Assign oxidation number to the underlined elements in each of the following species:
(a)`NaH_(2)underlineP O_(4) " " (b) NaHunderlineSO_(4) " " (c) H_(4)underlineP_(2)O_(7) " " K_(2)underline(Mn) O_(4)`
`(e) CaunderlineO_(2)" " (f) NaunderlineBH_(4) " " (g)H_(2)underlineS_(2)O_(7) " " (h) KAl(underlineSO_(4))_(2). 12 H_(2)O`

a.
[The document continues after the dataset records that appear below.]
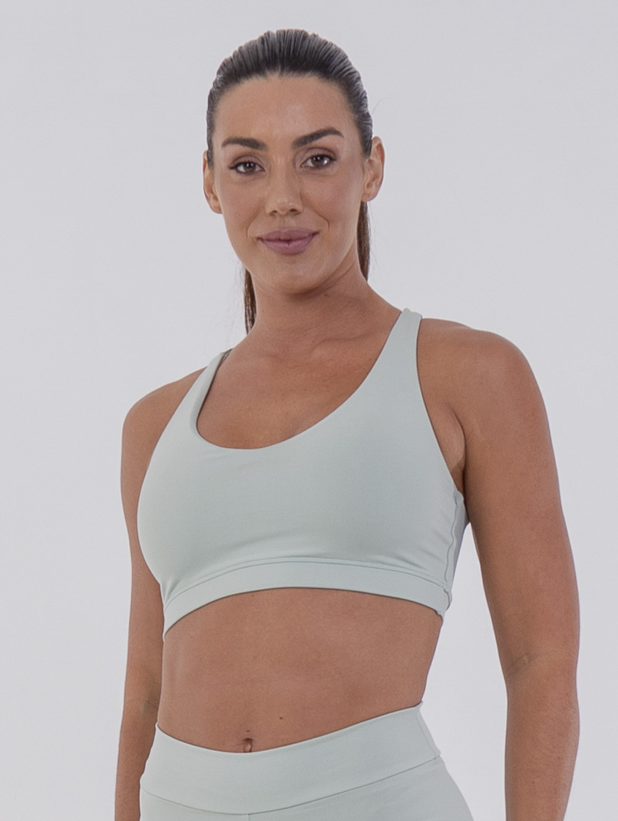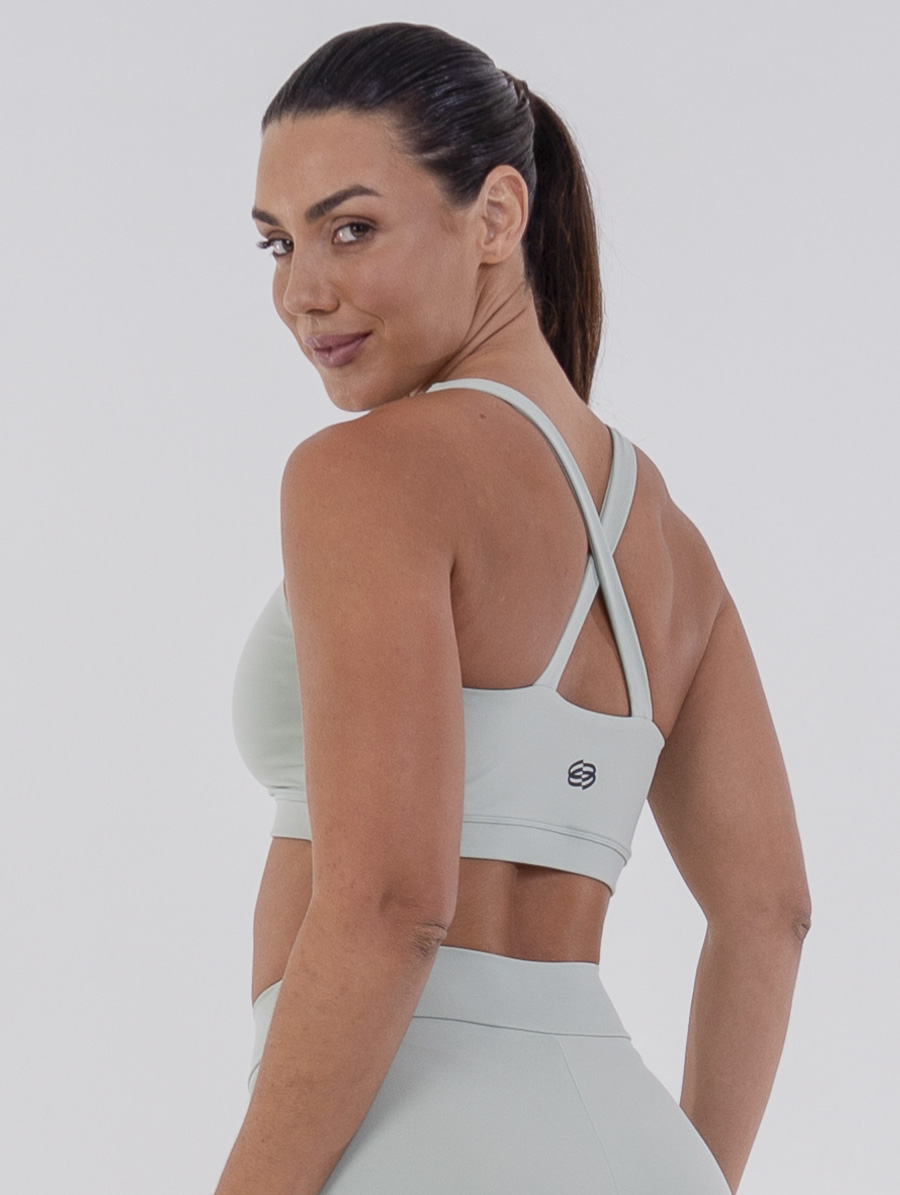 Top Fitness Alças Cruzadas Verde Aloe Belles | Máxima Segurança e Toque Gelado
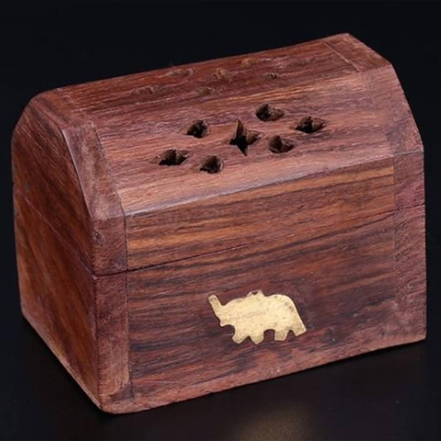 印度進口實木純手工銅飾升官發財塔香盒(HIH-CONE-BOX)
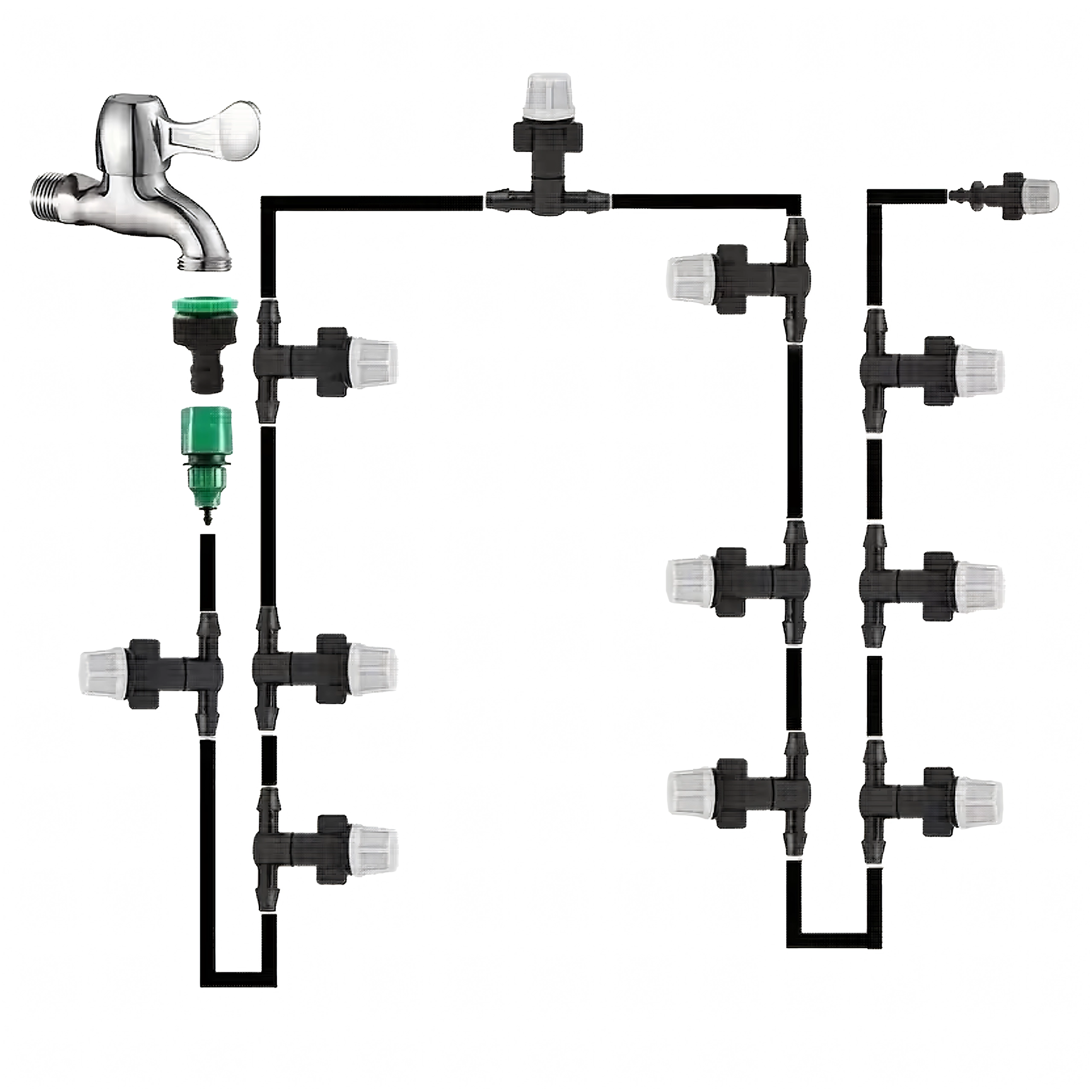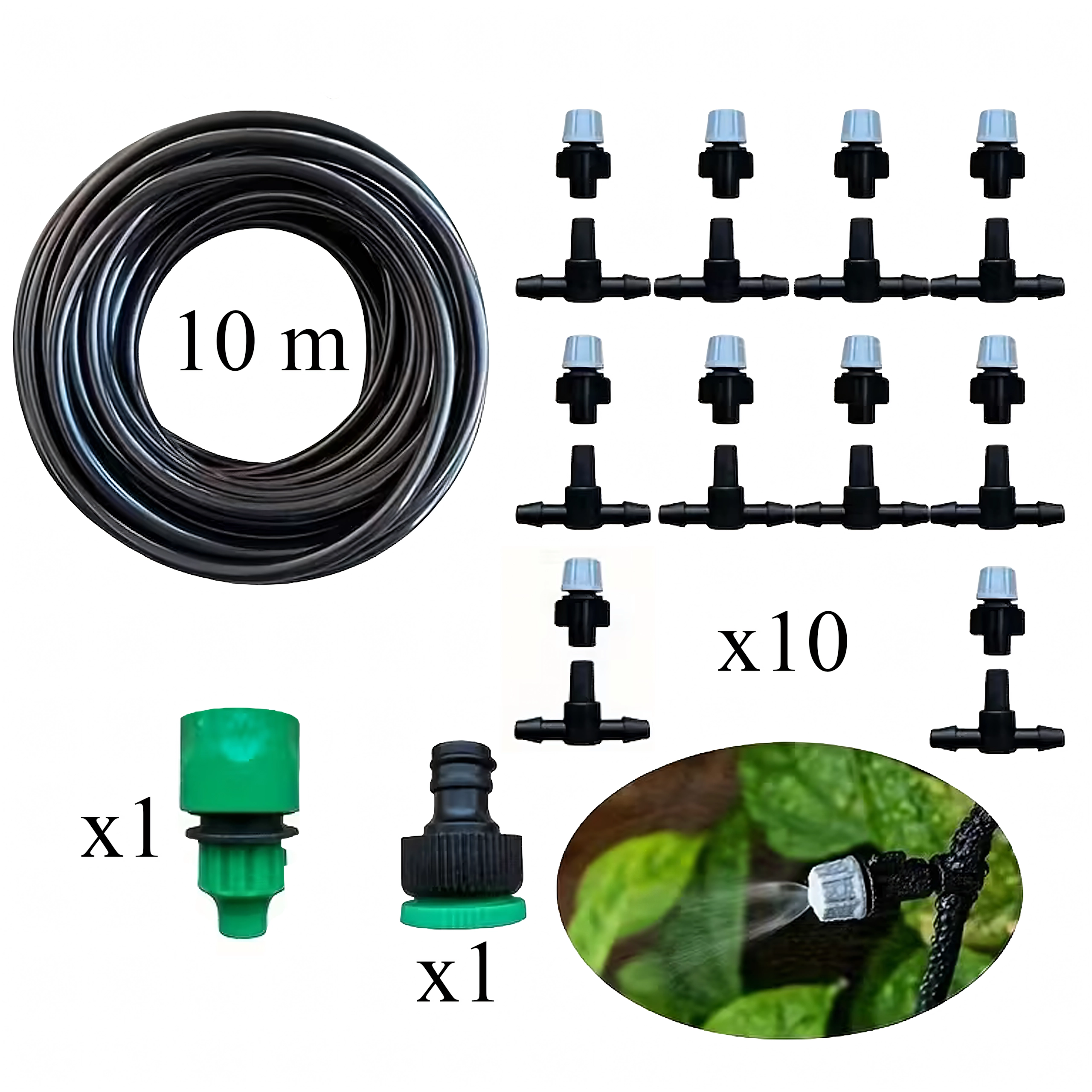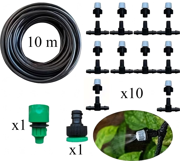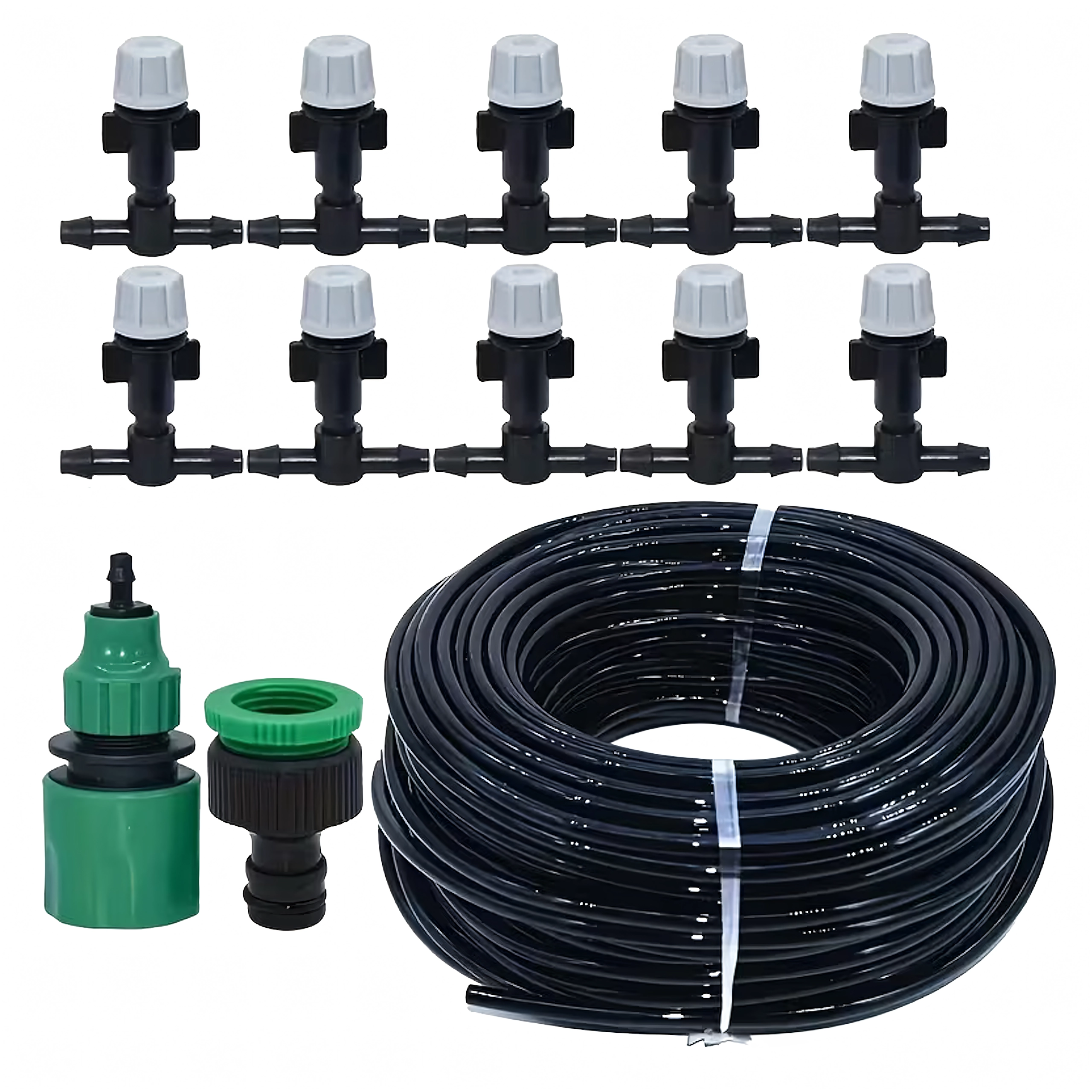 Ten uniwersalny ogrodowy system mgiełkowy zapewnia delikatne i równomierne nawadnianie bezpośrednio do korzeni oraz na liście. Dzięki regulowanym dyszom stworzysz delikatną chłodzącą mgiełkę na tarasach i w szklarniach lub ukierunkowany mikronatrysk dla grządek i skrzynek. System zapewnia stabilny rozdział wody do wielu punktów i łatwo się rozbudowuje za pomocą trójników.
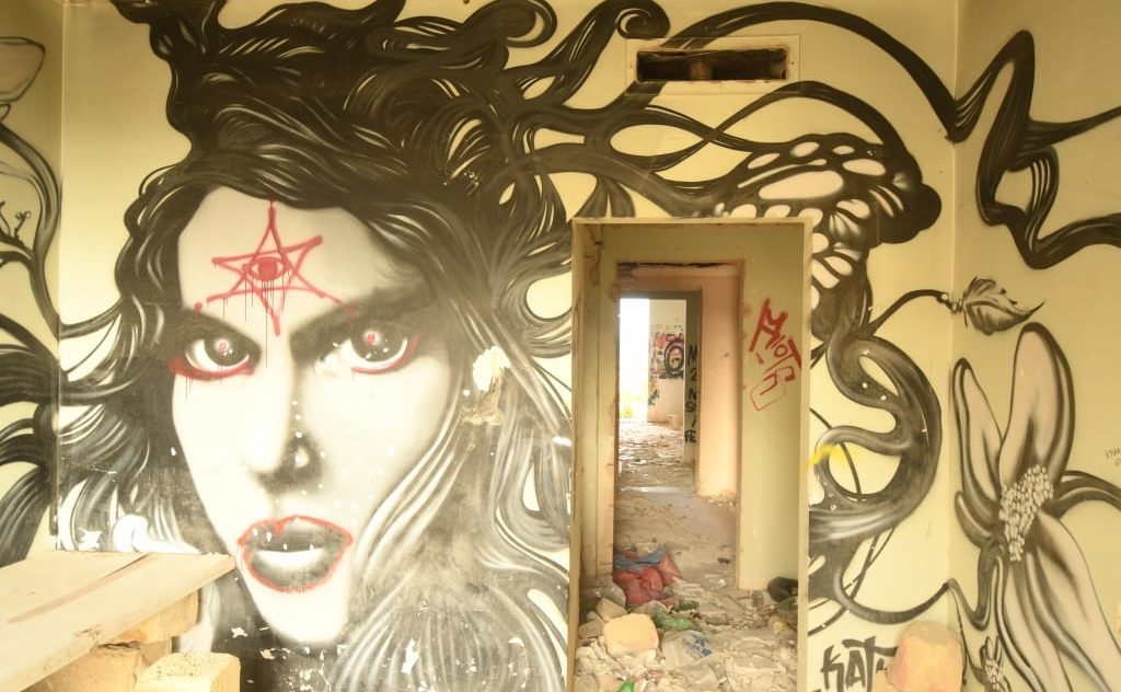 Staunen vor allem deswegen, weil sich auch im Inneren der Streetart-Reigen fortsetzt. Arbeiten von großer Raffinesse zeigen sich uns an den verlotterten Wänden, aber auch viel Geschmiere und Graffiti von drittklassiger Qualität. Langwimprige Frauengesichter schauen uns an, Mutter Theresa lacht aus einem Eck hervor.
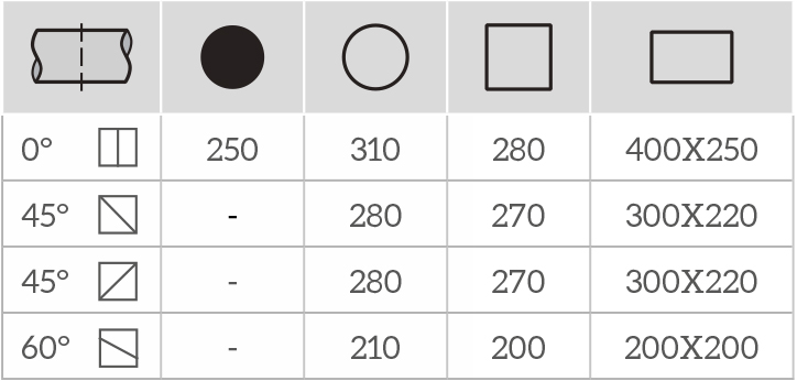 • Cięcie pod kątem: w prawo 0° - 45° - 60°; w lewo - 45°

Let the oxidation number of `P` be `x`. Writing the oxidation number of each atom above its symbol, we have
`overset(+1)(Na)overset(+1)(H_(2))overset(x)(P)overset(-2)(O_(4))`
Sum of oxidation numbers of varios atoms in
`NaH_(2)PO_(4) =1(+1)+2(+1)+1(x)+4(-2)`
`=x-5`
But the sum of oxidation number of various atoms in `NaH_(2)PO_(4)` (netural) is zero
`:. x-5=0` or `x=+5`
Thus, the oxidation number of `P` in `NaHPO=+5`.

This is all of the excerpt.